→ Your objective: Up to and including the line that contains "How it works: Use", repeat the entries below exactly from the first line on. Do not carry over any pictures.

→ Records for the exercise:
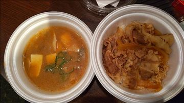 皆様こんばんは♪ここ数日寒さの厳しい夜となっておりますが皆様いかがお過ごしでしょうか?コロナとインフルエンザの流行で咳止めの薬も足りなくなっていると報道番組で取り上げておりました。皆様には体調管理に注意してお過ごしくださる様、お願い申し上げます。今日の御飯久々のこのコーナー笑笑牛丼➕豚汁豚汁がなんと100円‼️これは…
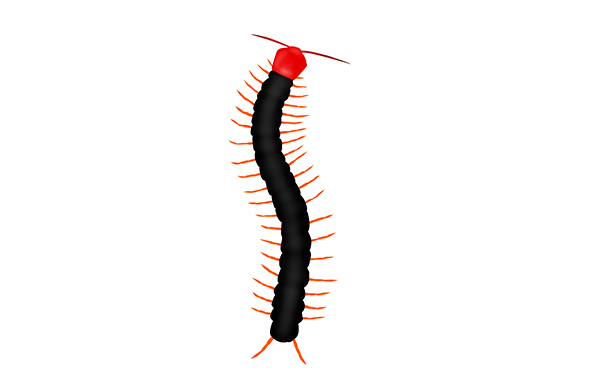日本国内でよくみられるムカデの体長は7〜13cm程度。細長い体型と、たくさんの肢(あし)が特徴です。ムカデは漢字で「百足」と書かれるほど肢(あし)の数が多い虫。1つの体節に1対の肢があり、種類によってその本数はさまざまです。
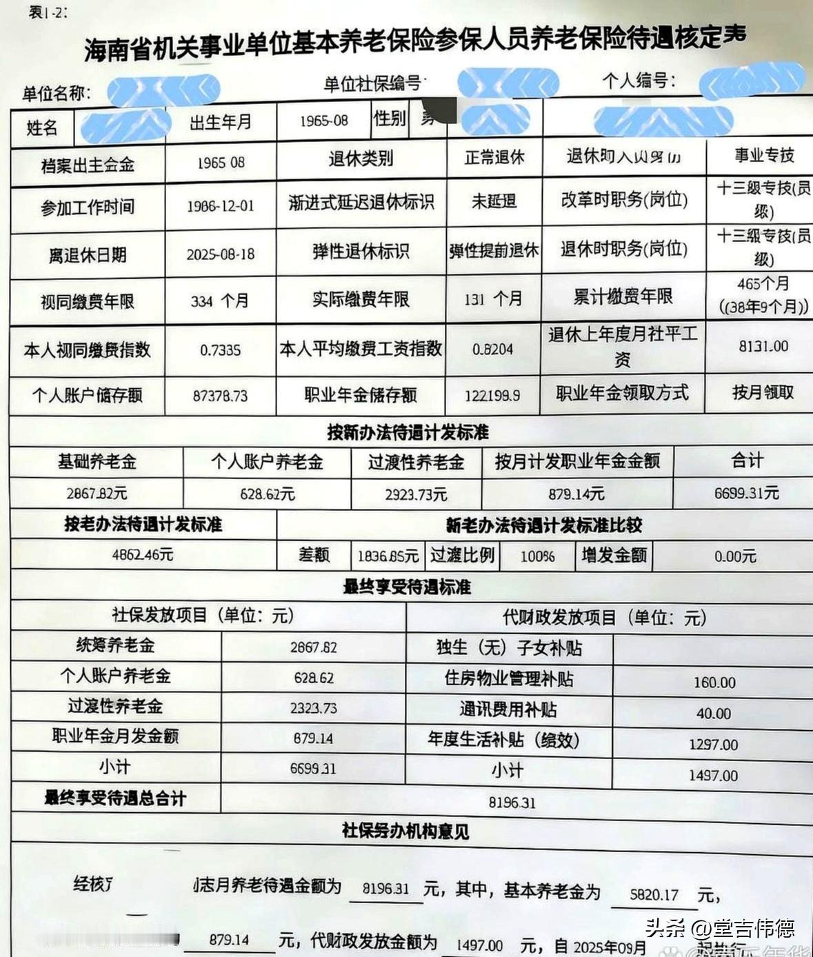 5000多点退休工资很高吗? 这份退休待遇核算表,生动展现了机关事业单位养老保险制度改革后,“中人”(改革前参加工作、改革后退休的人员)养老金的计算方式与最终构成。 退休人员1965年8月出生,2025年8月退休,工龄累计38年9个月,属于“正常退休”中的“弹性提前退休”。其养老金计算采取“新老办法对比、保低限高”的原则:老办法待遇为4862.46元,新办法计算出的待遇(含职业年金)为6699.31元,新办法高出老办法1836.85元。根据规定,对于改革后若干年内的“中人”,这部分差额按一定比例发放,此处过渡比例为100%,故最终完全按新办法执行。 解析其8196.31元的月待遇总额,它由三大块构成: 1. 社保基金发放部分(6699.31元):这是主体,包含: · 基础养老金(2667.82元):体现社会统筹和长期缴费的贡献。 · 个人账户养老金(628.62元):来自其个人账户储存额87378.73元的积累。 · 过渡性养老金(2923.73元):关键部分,用于补偿改革前漫长的“视同缴费年限”(334个月)的权益,其金额较高是“中人”待遇的重要特点。 · 职业年金(879.14元):改革后建立的补充养老保险,按月领取,是其待遇提升的重要因素。 2. 财政代发补贴部分(1497.00元):包括住房物业、通讯补贴及年度生活补贴等,保留了事业单位福利的延续性。 结论: 虽然总额未过万,但近8200元的退休金在多数地区能提供一份体面、安稳的晚年生活。这份待遇清晰地体现了“多缴多得、长缴多得”与“改革前后待遇平稳衔接”的原则。其构成中,过渡性养老金与职业年金显著提升了替代率,确保了“中人”在制度转型中的利益。可以说,这位退休人员拿到了一份充分反映其工作年限、职称与制度保障的、结构合理的结果。
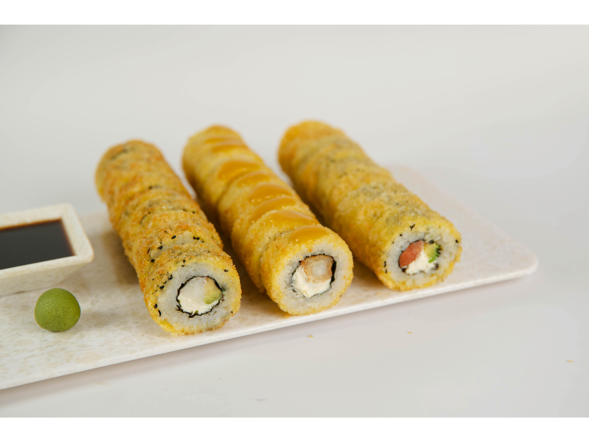 Combo hot de salmon trout y langostinos. Piezas: Hot New York Phila, Hot Futurama, Hot Shrimp.
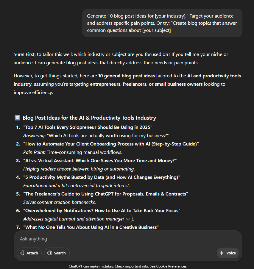 How it works: Use specific prompts like this: “Generate 10 blog post ideas for [your industry].” Target your audience and address specific pain points. Or try: “Create blog topics that answer common questions about [your subject].”
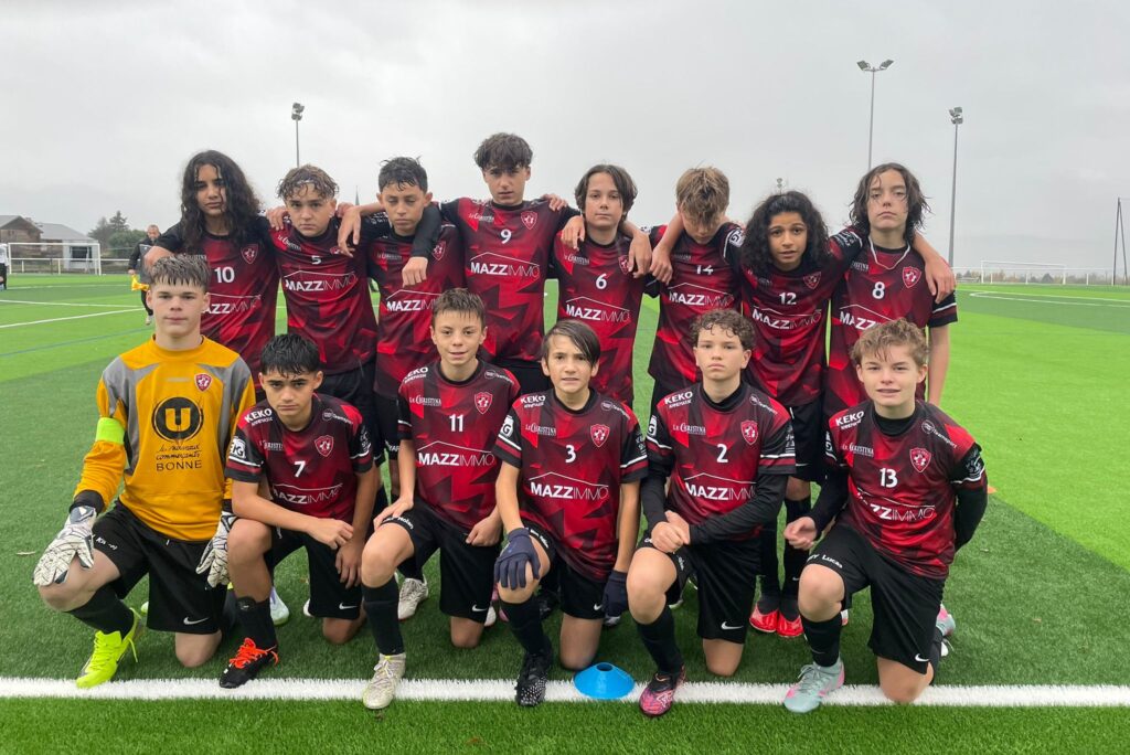 Catégorie U15 Fanions – Coupe de District – 2ème Tour vs ES Fillinges 0 – 3 Le résumé du match : Match compliqué pour nos U15 Fanions, qui ont manqué leur entame et ont rapidement été sanctionnés. Au bout de 20 minutes de jeu, le score affichait déjà 2-0 pour Fillinges, conséquence d’un manque d’intensité et d’une absence de réaction d’orgueil sur l’ensemble de la première période. Sans répondre au rythme imposé par l’adversaire, nos jeunes se sont retrouvés en difficulté et n’ont jamais réellement réussi à se montrer dangereux avant la pause. En seconde mi-temps, face à un adversaire plus bas, nos joueurs ont enfin pris le contrôle du ballon et dominé la possession. Pour autant, ce regain de maîtrise n’a pas suffi : trop peu de prises d’initiatives offensives, manque d’agressivité dans les zones décisives et incapacité à faire peser un réel danger sur le portier adverse. Comme souvent dans ces scénarios, l’efficacité fait la différence : à force de ne pas concrétiser, nos joueurs se sont fait punir sur une contre-attaque à la 60ème minute, scellant le sort du match. Score final 3-0. Une élimination frustrante, mais riche en enseignements. Il faudra se montrer plus conquérants, plus ambitieux et répondre dès le coup d’envoi dans les prochaines rencontres. Maintenant, place au championnat, avec l’objectif de rebondir dès dimanche prochain. Meilleures prestations : Marius CAPUCCIO, Sofiane EL MAHSINNI Carton vert : Marius CAPUCCIO Prochain rendez-vous : Dimanche 9 Novembre à 10H00, 1ère journée de championnat U15 D2, Stade Gilbert DUCHÊNE contre Mont Blanc Passy
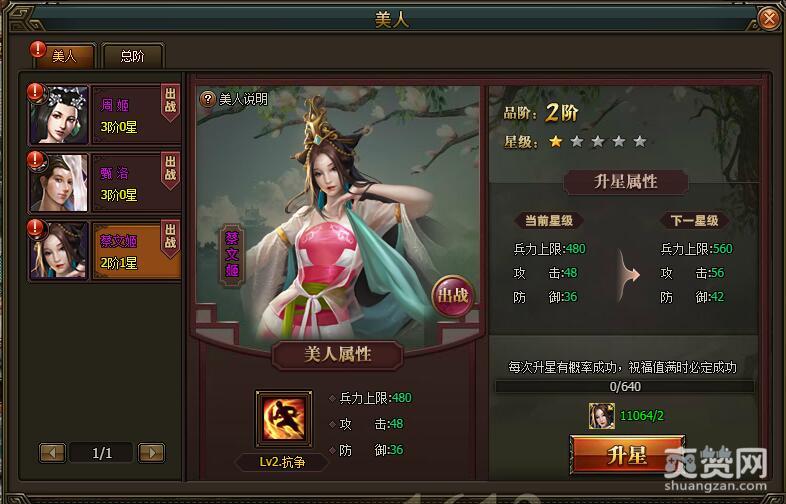 2阶1星升星到2阶2星时,兵力上限提升80,变为640;攻击提升8,变为64;防御提升6,变为48。
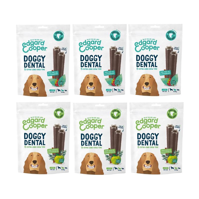 Offri al tuo cane una bocca sana e fresca con il Set Prova Multigusto 6x240G Edgard & Cooper Snack Doggy Dental Medium: uno snack naturale che si prende cura della sua igiene orale con gusto e freschezza!

→ Completed exercise:
 皆様こんばんは♪ここ数日寒さの厳しい夜となっておりますが皆様いかがお過ごしでしょうか?コロナとインフルエンザの流行で咳止めの薬も足りなくなっていると報道番組で取り上げておりました。皆様には体調管理に注意してお過ごしくださる様、お願い申し上げます。今日の御飯久々のこのコーナー笑笑牛丼➕豚汁豚汁がなんと100円‼️これは…
日本国内でよくみられるムカデの体長は7〜13cm程度。細長い体型と、たくさんの肢(あし)が特徴です。ムカデは漢字で「百足」と書かれるほど肢(あし)の数が多い虫。1つの体節に1対の肢があり、種類によってその本数はさまざまです。
 5000多点退休工资很高吗? 这份退休待遇核算表,生动展现了机关事业单位养老保险制度改革后,“中人”(改革前参加工作、改革后退休的人员)养老金的计算方式与最终构成。 退休人员1965年8月出生,2025年8月退休,工龄累计38年9个月,属于“正常退休”中的“弹性提前退休”。其养老金计算采取“新老办法对比、保低限高”的原则:老办法待遇为4862.46元,新办法计算出的待遇(含职业年金)为6699.31元,新办法高出老办法1836.85元。根据规定,对于改革后若干年内的“中人”,这部分差额按一定比例发放,此处过渡比例为100%,故最终完全按新办法执行。 解析其8196.31元的月待遇总额,它由三大块构成: 1. 社保基金发放部分(6699.31元):这是主体,包含: · 基础养老金(2667.82元):体现社会统筹和长期缴费的贡献。 · 个人账户养老金(628.62元):来自其个人账户储存额87378.73元的积累。 · 过渡性养老金(2923.73元):关键部分,用于补偿改革前漫长的“视同缴费年限”(334个月)的权益,其金额较高是“中人”待遇的重要特点。 · 职业年金(879.14元):改革后建立的补充养老保险,按月领取,是其待遇提升的重要因素。 2. 财政代发补贴部分(1497.00元):包括住房物业、通讯补贴及年度生活补贴等,保留了事业单位福利的延续性。 结论: 虽然总额未过万,但近8200元的退休金在多数地区能提供一份体面、安稳的晚年生活。这份待遇清晰地体现了“多缴多得、长缴多得”与“改革前后待遇平稳衔接”的原则。其构成中,过渡性养老金与职业年金显著提升了替代率,确保了“中人”在制度转型中的利益。可以说,这位退休人员拿到了一份充分反映其工作年限、职称与制度保障的、结构合理的结果。
 Combo hot de salmon trout y langostinos. Piezas: Hot New York Phila, Hot Futurama, Hot Shrimp.
 How it works: Use specific prompts like this: “Generate 10 blog post ideas for [your industry].” Target your audience and address specific pain points. Or try: “Create blog topics that answer common questions about [your subject].”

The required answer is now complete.